The Los Angeles Times has a story this morning about the revenue loss to the Treasury from overvalued donations of works of art:
An alleged tax-fraud scheme involving donations of overvalued art to four local museums is part of a larger, unchecked problem with inflated art appraisals that has cost the federal government untold millions, a Times analysis has found.
Each year, the Internal Revenue Service audits donations claimed on only a handful of the 100,000 or more tax returns that allow art donors to reap nearly $1 billion in tax write-offs. Half of the donations checked over the last 20 years had been appraised at nearly double their actual value.
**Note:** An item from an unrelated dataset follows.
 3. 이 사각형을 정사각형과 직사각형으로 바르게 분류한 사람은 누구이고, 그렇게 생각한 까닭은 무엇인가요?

The crux of the public policy problem is the infrequency with which appraisals are checked. It makes all other remedies less effective:
A 2006 law tightened standards and increased penalties on bad appraisals. For donors, it lowered the threshold on what the law considers a bloated appraisal, from 200% overvalue to 150%. It also increased oversight of and fines for appraisers. But because the IRS checks so few appraisals, some believe that overvaluations will continue.This is not a hard problem to solve. Every significant donation should have its appraisal checked by the IRS, and the donor should bear the cost of that process, not the government. There would be fewer small donations of art, but for major pieces, this cost of checking the appraisal would be small relative to the value of the tax deduction.